Mardani pun meminta KPU menindaklanjuti keputusan MA tersebut. “Apresiasi pada MA yang bekerja profesional. KPU perlu menindaklanjuti keputusan MA untuk perbaikan ke depan,” ucapnya.
Melihat keputusan MA tersebut, Mardani menilai hasil Pemilu 2019 yang dimenangkan oleh Joko Widodo dan Ma`ruf Amin perlu dikaji kembali.
"Terkait keabsahan hasil pemilu, dampak keputusan ini masih perlu kajian lanjutan. PKS akan terus mendorong semua pihak berpegang pada ketentuan perundang-undangan,” terang dia.
Yusril: Telah Diputus MK
Mahkamah Agung mengabulkan sebagian permohonan uji materi terhadap Pasal 3 Ayat 7 PKPU Nomor 5 Tahun 2019 terkait pilpres yang diajukan Rachmawati Soekarnoputri.
Ahli hukum tata negara yang juga kuasa hukum Jokowi-Ma`ruf Amin, Yusril Ihza Mahendra mengatakan, putusan MA tersebut tidak menyinggung kemenangan Jokowi dalam Pilpres 2019. Terlebih, MA tidak berwenang mengadili sengketa pilpres.
"Putusan itu sama sekali tidak masuk atau menyinggung kasus sudah menang atau belum Jokowi dalam Pilpres 2019. Menang tidaknya Jokowi dalam Pilpres 2019 telah diputus oleh MK karena hal itu menjadi kewenangannya. MA sama sekali tidak berwenang mengadili sengketa pilpres. Putusan MK itu final dan mengikat," kata Yusril dalam keterangan yang diterima, Jakarta, Rabu (8/7/2020).

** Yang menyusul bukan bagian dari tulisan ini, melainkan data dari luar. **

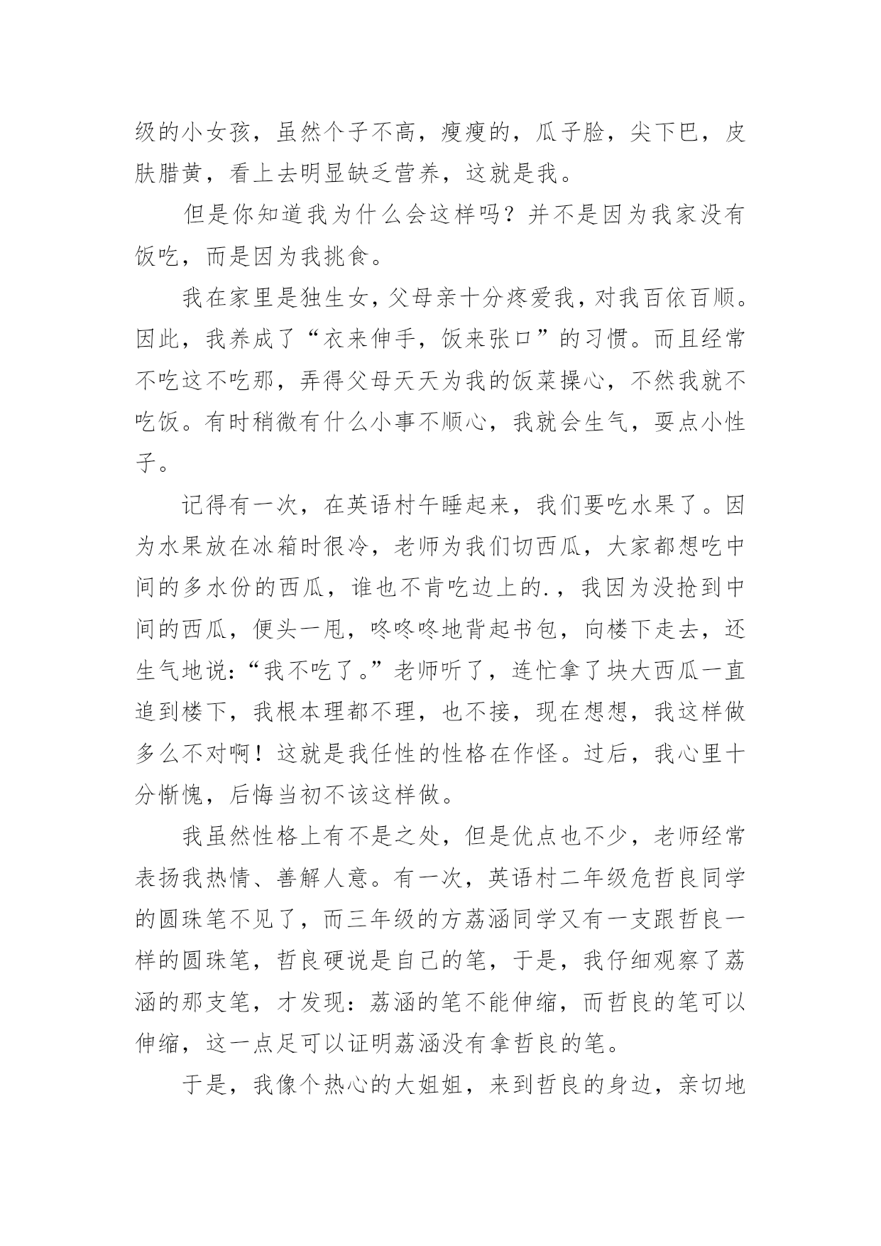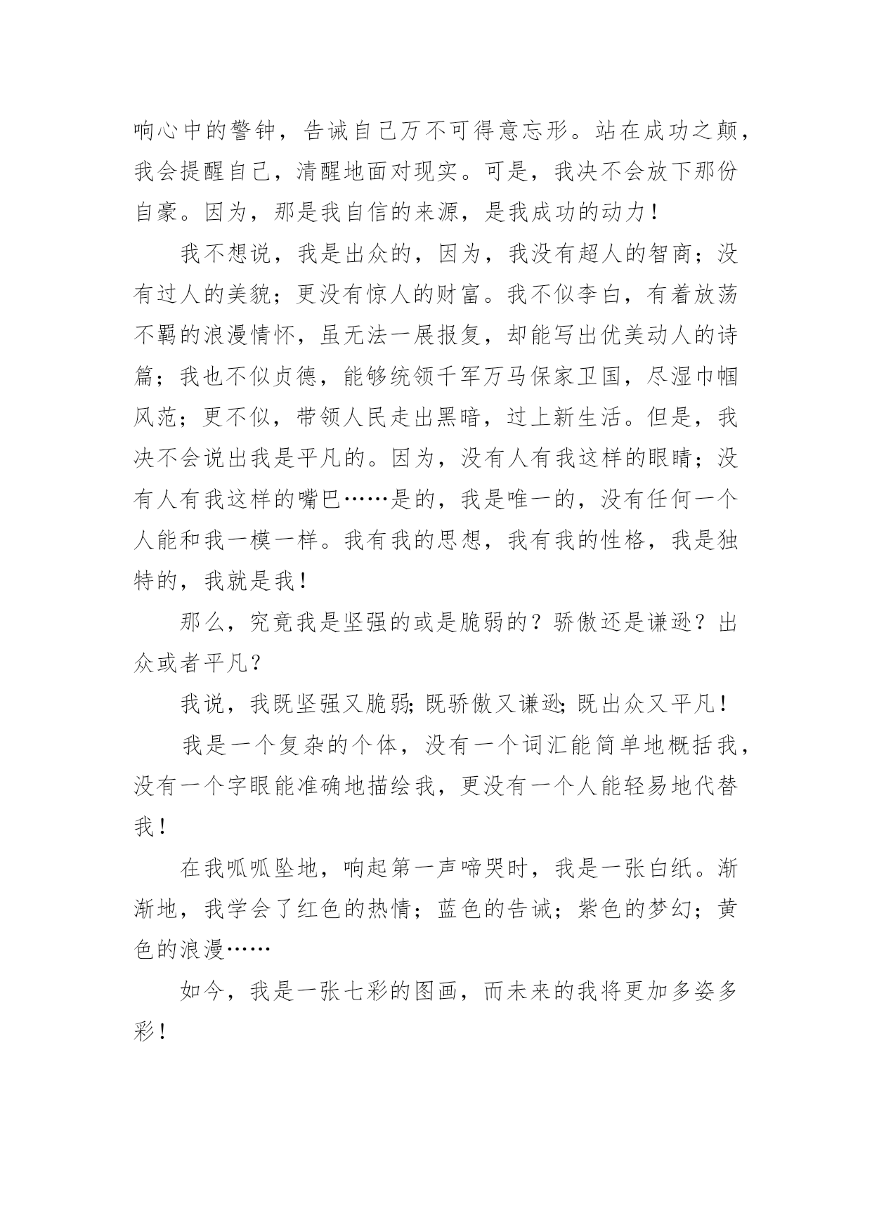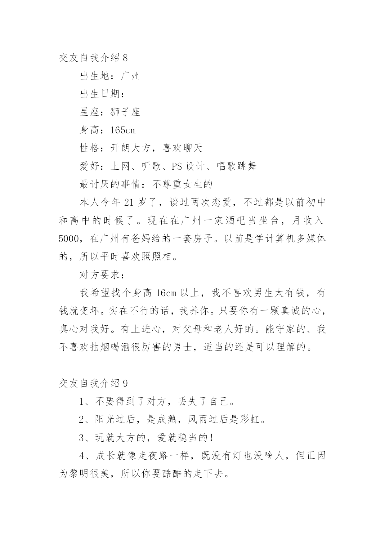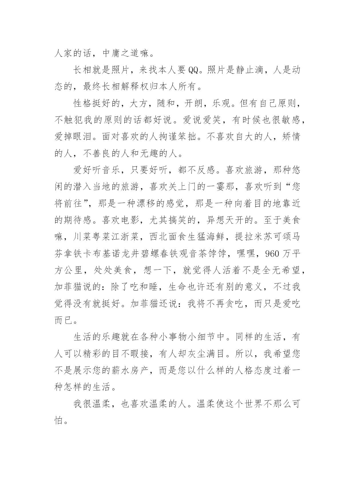 交友自我介绍交友自我介绍15篇当到达一个新的环境后,通常需要我们进行自我介绍,自我介绍是结识新朋友的重要手段。相信许多人会觉得自我介绍很难写吧,下面是小编精心整理的交友自我介绍,欢迎阅读与收藏。交友自我介绍1我叫xxx,今年8岁,已经是三年级的学生了。为了介绍清楚自己,写好这学期的第一篇作文,我特意照着镜子把我观察了又观察。我先找出家里的钢卷尺,让妈妈帮我量了身高是1.38米。再看看我的长相。呀!挺好看的嘛!瞧,圆圆的脸白白净净的,像十五的月亮。眼睛圆溜溜、亮晶晶的,像两个黑葡萄。一个小巧的鼻子长在脸的最中间。红红的嘴唇,一笑两个嘴角就向上翘,像一只小船,真好看!再看那乌黑的短发从中间分开,用两个黄色的小卡子别起来,显得多精神呀!我也有自己的爱好,喜欢画画,喜欢制作,喜欢想象。有一天下午放学回家,我在阳台上玩。我把包装了洗衣机的两个大泡沫板掏了两个洞,套在了胳膊上。我本来想做机器人,可胳膊一抬,两个泡沫板向后翘了起来,我又把胳膊前后动了两下,觉得就像要飞一样。我想:这多么像鸽子呀!我高兴极了,不停地扇动着两个"大翅膀",一边扇一边喊:"妈妈,快来看鸽子!"妈妈跑来左看看,右看看,奇怪地问:"鸽子在哪儿?"我说:"妈妈,你看我像不像鸽子。"妈妈一看,哈哈大笑,说:"你怎么这么有趣呀!"大家觉得我有趣吗?我喜欢做个有趣的孩子。交友自我介绍2我自认为是一个喜欢自由而又充满活力的人,我想做的事情一般马上就去做,大概除了秘密,心里一般也不会有不愿意跟人家说的话。我的性格,有时候会被人觉得有些冲动,但还好朋友们都觉得我还不错。我经常跟朋友们讲自己的心事,每一次讲出来我都可能会十分的激动,这时朋友们也会在旁边安慰和鼓励我,最使我吃惊的是,我也经常能听到朋友们不为人知的秘密。有时候我自己也会自认为有些急噪,想做的事情一旦做不了,就会觉得很不舒服,是一种说不出的难受。我是一个受不了束缚的人,没有事情可以长久管教着我。交友自我介绍3女的,活的,鉴于遗传史还可能要活很久的,典型中国小女人。身高158厘米,不胖不瘦,在这一点上恪守了孔子他老人家的话,中庸之道嘛。长相就是照片,来找本人要QQ。照片是静止滴,人是动态的,最终长相解释权归本人所有。性格挺好的,大方,随和,开朗,乐观。但有自己原则,不触犯我的原则的话都好说。爱说爱笑,有时候也很敏感,爱掉眼泪。面对喜欢的人拘谨笨拙。不喜欢自大的人,矫情的人,不善良的人和无趣的人。爱好听音乐,只要好听,都不反感。喜欢旅游,那种悠闲的潜入当地的旅游,喜欢关上门的一霎那,喜欢听到“您将前往”,那是一种漂移的感觉,那是一种向着目的地靠近的期待感。喜欢电影,尤其搞笑的,异想天开的。至于美食嘛,川菜粤菜江浙菜,西北面食生猛海鲜,提拉米苏可颂马芬拿铁卡布基诺龙井碧螺春铁观音茶饽饽,嘿嘿,960万平方公里,处处美食,想一下,就觉得人活着不是全无希望,加菲猫说的:除了吃和睡,生命也许还有别的意义,不过我觉得没有就挺好。加菲猫还说:我将不再贪吃,而只是爱吃而已。生活的乐趣就在各种小事物小细节中。同样的生活,有人可以精彩的目不暇接,有人却灰尘满目。所以,我希望您不是展示您的薪水房产,而是您以什么样的人格态度过着一种怎样的生活。我很温柔,也喜欢温柔的人。温柔使这个世界不那么可怕。交友自我介绍4大家好!我叫谭尧文,今年8岁,在南阳市十一小上三年级。我是一个不高也不矮,身材瘦瘦的小姑娘。头上扎着一个马尾辫,总爱戴一个红色的发卡,一张圆圆的脸上长着两条弯弯的眉毛,下面有一对像黑宝石一样的大眼睛,笑起来就眯成了一条缝。高高的鼻子下一张能说会道的嘴,它爱唱歌、爱朗诵课文,更爱笑,时常给大家带来快乐。看见我的人都说我像一个洋娃娃,可爱极了!我最大的爱好是看书。有一次,我在书桌上看书,正看得津津有味,邻居家的小伙伴在楼下喊我出去玩。正在睡午觉的爸爸跑过来说:“小朋友喊你下楼玩,我觉都被吵醒了,你还没有听见?”我说:“我真的没有听到。”爸爸摸着我的头,笑着说:“你真是个小书迷!”我是一个爱劳动的孩子。在家里,扫地、擦桌子、洗碗我样样都抢在媽媽前面干。在学校值日,我总是第一个行动,干完我们组的任务,再帮助别的组干。媽媽生病的时候,我就像个小护士一样,一会儿烧水,一会儿倒茶,一会儿拿药,一会儿端饭,忙得不可开交。当然,我也有许多缺点。比如上课时,我会做一些小动作,被老师发现后会瞪我一眼。作业有时马虎,写一些不该出现的错别字。最让媽媽头疼的是我爱吮吸手指头,不管是上课还是在家,手只要一闲下来,我就会不知不觉地伸进嘴里吸起来。媽媽经常说:“吮吸指头不卫生,会传染细菌生病的。”我真希望自己早日改掉这些缺点。世上无难事,只怕有心人。相信我一定会努力甩掉这些小尾巴的。这就是我,一个活泼可爱、爱好看书、热爱劳动、还有许多缺点的小女孩。你愿意和我交朋友吗?交友自

Menurut dia, KPU dalam menetapkan kemenangan Jokowi-Ma`ruf, sudah merujuk pada putusan MK yang tegas menolak permohonan sengketa yang diajukan Prabowo Subiyanto dan Sandiaga Uno.
"Lagipula putusan uji materil itu diambil oleh MA pada 28 Oktober 2019, seminggu setelah Jokowi-Kiai Ma`ruf dilantik oleh MPR. Putusan MA itu bersifat prospektif atau berlaku ke depan sejak tanggal diputuskan. Putusan MA tidak berlaku retroaktif atau surut ke belakang," tegas Yusril.
Dia menilai aturan pilpres yang hanya diikuti oleh dua pasangan calon memang tidak diatur dalam dalam Pasal 416 UU 7 tahun 2017 tentang Pemilu. Ketentuan Pasal 7 ayat 3 PKPU No 5 Tahun 2019 itu mengaturnya dengan mengacu kepada Putusan MK No 50/PUU-XII/2017 yang menafsirkan ketentuan Pasal 6A UUD 45 dalam hal paslon capres dan cawapres hanya dua pasangan.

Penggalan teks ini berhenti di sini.